A.M. Best Europe – Rating Services Limited has affirmed the financial strength rating of ‘B+’ (Good) and issuer credit rating of “bbb-” of Russian Reinsurance Company JSC (Russian Re), both with stable outlooks.
The ratings of Russian Re “continue to reflect its excellent risk-adjusted capitalization and good operating performance, albeit largely driven by investment returns,” Best explained. As partial offsetting factors Best cited “Russian Re’s small size in a competitive market environment,” as well as its “exposure to the high political and financial system risks associated with its core markets.”
Best also said it “believes that Russian Re’s risk-adjusted capitalization is excellent, supported by the retention of earnings and low investment risks. Following the Russian Federation’s new legislative requirements, Russian Re increased its share capital from RUB 120 million [$3.9 million] to RUB 480 million [$15.6 million] in the first quarter of 2011.
“Planned premium growth will cause a slight deterioration in risk-adjusted capitalization, but capital levels will remain strong and supportive of the current ratings. The company benefits from the ongoing support from its high profile shareholders who support Russian Re with its international expansion plans.
The ratings report also noted that “pre-tax profits decreased to RUB 12.6 million [$409,498] (2010: RUB 43 million [$1.4 million]) following a significant increase in incurred claims due to higher loss experience and an increase in claims provisions. This translated into a loss ratio of 54.9 percent (2010: 36.5 percent). In the absence of large losses in the third quarter of 2012 and supported by a higher premium base,” Best said it “ believes that Russian Re could achieve a combined ratio in the 85 percent-90 percent range.”
In addition Best pointed out that Russian Re “remains very conservatively invested with the majority of its assets being held in cash and short-term bank deposits (55 percent) and property (40 percent), providing it with a stable interest and rental income.
“The company’s own property and the property held for investment purposes are located in the center of Moscow.
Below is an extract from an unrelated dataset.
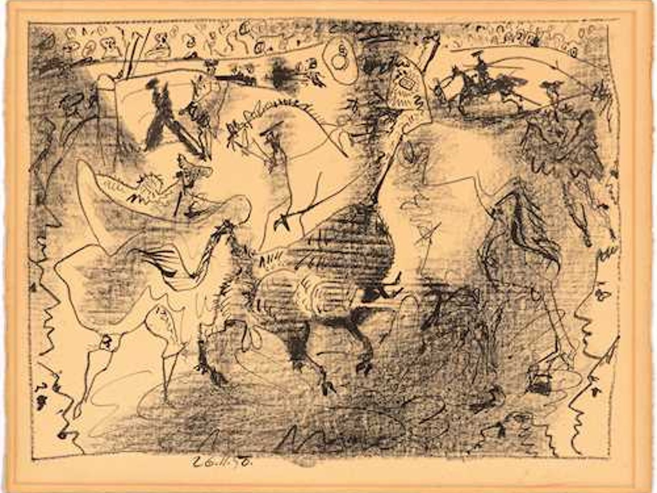 Lithograph. 44/50. Signed in red coloured pen lower right (faded) : Picasso, also dated in the stone lower centre: 26.11.50. Image 45.6 × 60 cm on wove paper by Arches 50 × 65.5 cm.
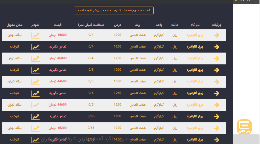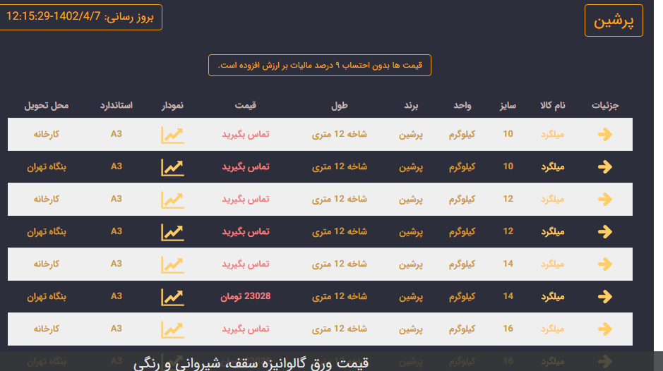 اعلام موجودی ورق گالوانیزه و رنگی آنلاین سازه

A booming property market has led to an important appreciation of Russian Re’s property values, which is not reflected within the income statement under Russian GAAP. Under International Financial Reporting Standards, the gain on revaluation of investment property would equate to approximately RUB 50 million [$1.625 million].
“Russian Re’s gross written premiums are expected to reach RUB 580-600 million [$18.85 to $19.5 million] by year-end 2012 as the reinsurer continues to focus predominantly on property and energy risks.
“The overall business volume remains relatively small by international standards, and Russian Re will continue to face significant challenges in growing its domestic market presence as a result of competition from both local and international reinsurers.
“Management’s current strategy is to expand outside of Russia and the Commonwealth of Independent States, with the Middle East and North African markets remaining the key drivers for growth.
“Positive rating actions could occur if Russian Re profitably grows its business whilst maintaining risk-adjusted capitalization at a strong level over the longer term.
Negative rating actions could occur if there is material deterioration in the company’s operating performance, particularly due to unprofitable growth in non-core markets, or a significant decrease in risk-adjusted capitalization due to its expansion. Additionally, deterioration in country risk factors associated with Russian Re’s operations in Russia could negatively impact its ratings.”